- RECORDS FOR THE TASK
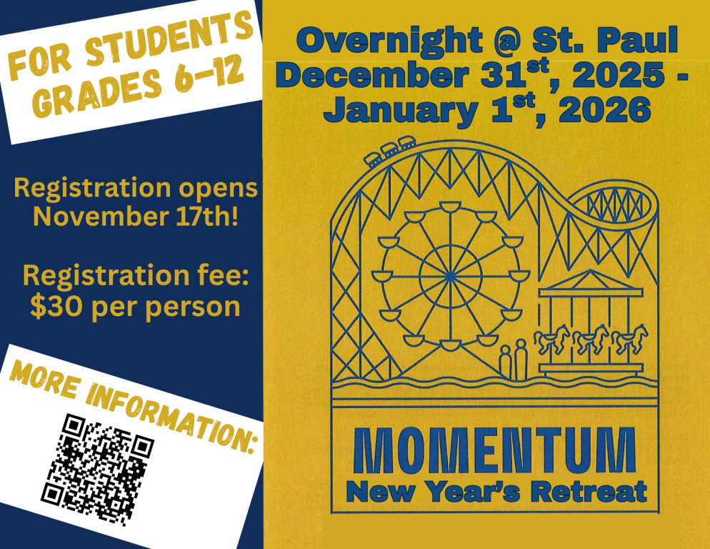 This overnight retreat takes place on Wednesday, December 31, 2025 through Thursday, January 1, 2026, and is open for students in 6th-12th grades.
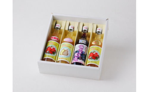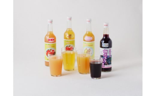 - 山ぶどう原液500ml×1本、ラ・フランスジュース500ml×1本、紅玉ジュース500ml×1本、ふじりんごジュース500ml×1本×1
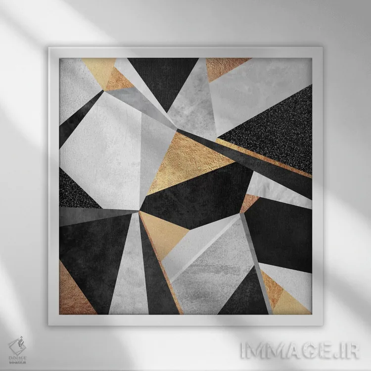 «هندسه طلایی» اثرِ «الیزابت فردریکسون» بهخاطر فرمهای آزادش، در فضاهای خنثی بهتر دیده میشود و عمق بصری ایجاد میکند.
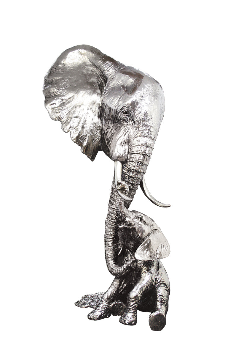 This design by Keith Sherwin, is one of 8 in the” Nature’s Bond” series, all of which depict the relationship between mother and young. The unusual and imaginative design allows the perfect balancing of the mother elephant interacting with her calf. The whole sculpture is generously coated in nickel and then given an antique finish to bring the detail to the fore. A catalogue giving details of other titles is enclosed in the presentation box.
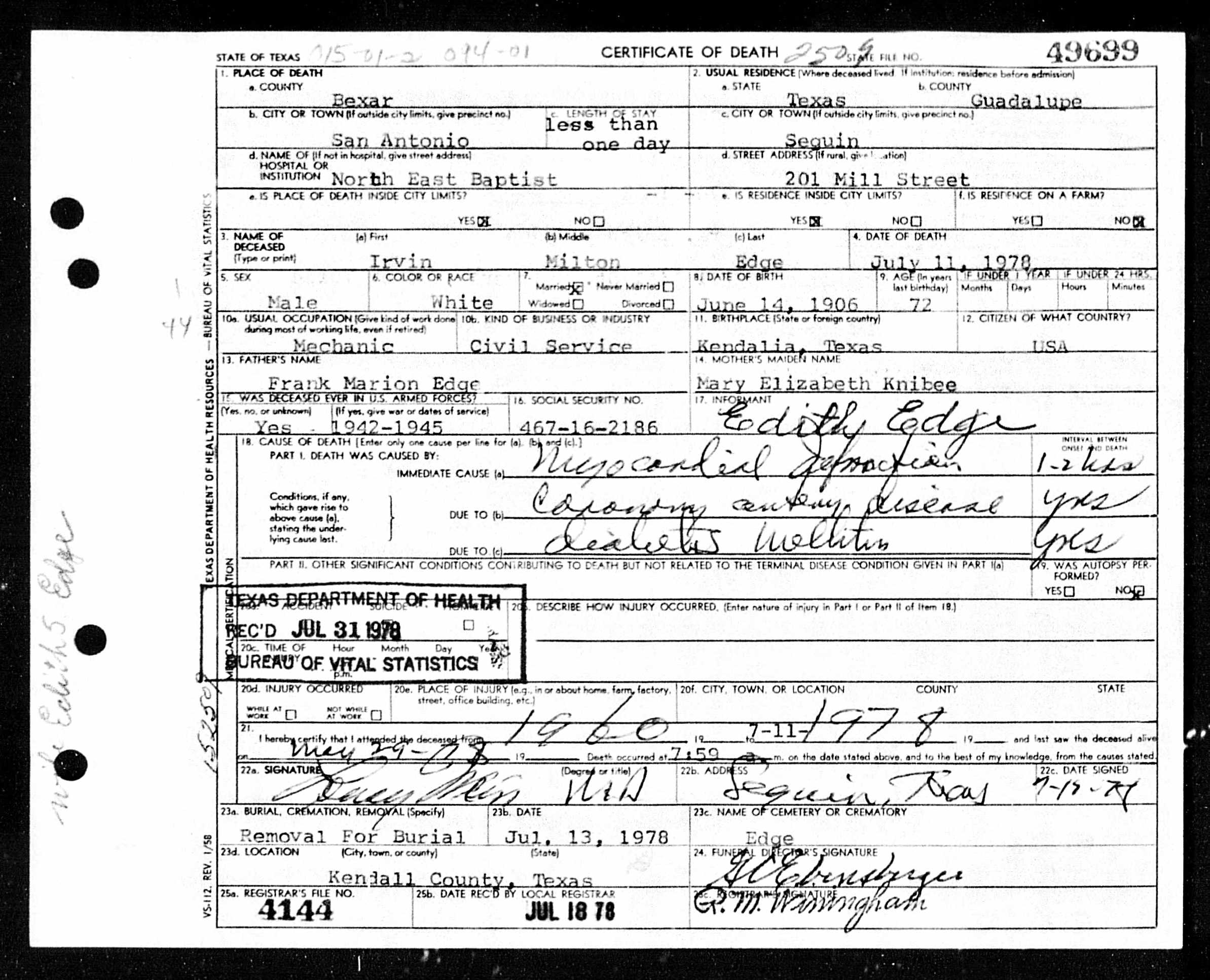Irvin Milton Edge was born on 14 Jun 1906 in Kendalia, Kendall, Texas and died on 11 Jul 1978 in San Antonio, Bexar, Texas. He was the son of Frank Edge and Mary Elizabeth Knibbe Edge.
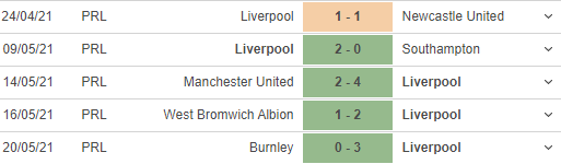 2 trận gần nhất của Liverpool có tổng bàn thắng là số lẻ. 3/4 lần đối đầu gần nhất của 2 đội có kịch bản tương tự.

- EXERCISE DIRECTIONS
Exact lines only, please. Repeat everything from the top of the records through the line containing "- 山ぶどう原液500ml×", both ends in and pictures out.

- EXERCISE ANSWER
 This overnight retreat takes place on Wednesday, December 31, 2025 through Thursday, January 1, 2026, and is open for students in 6th-12th grades.
 - 山ぶどう原液500ml×1本、ラ・フランスジュース500ml×1本、紅玉ジュース500ml×1本、ふじりんごジュース500ml×1本×1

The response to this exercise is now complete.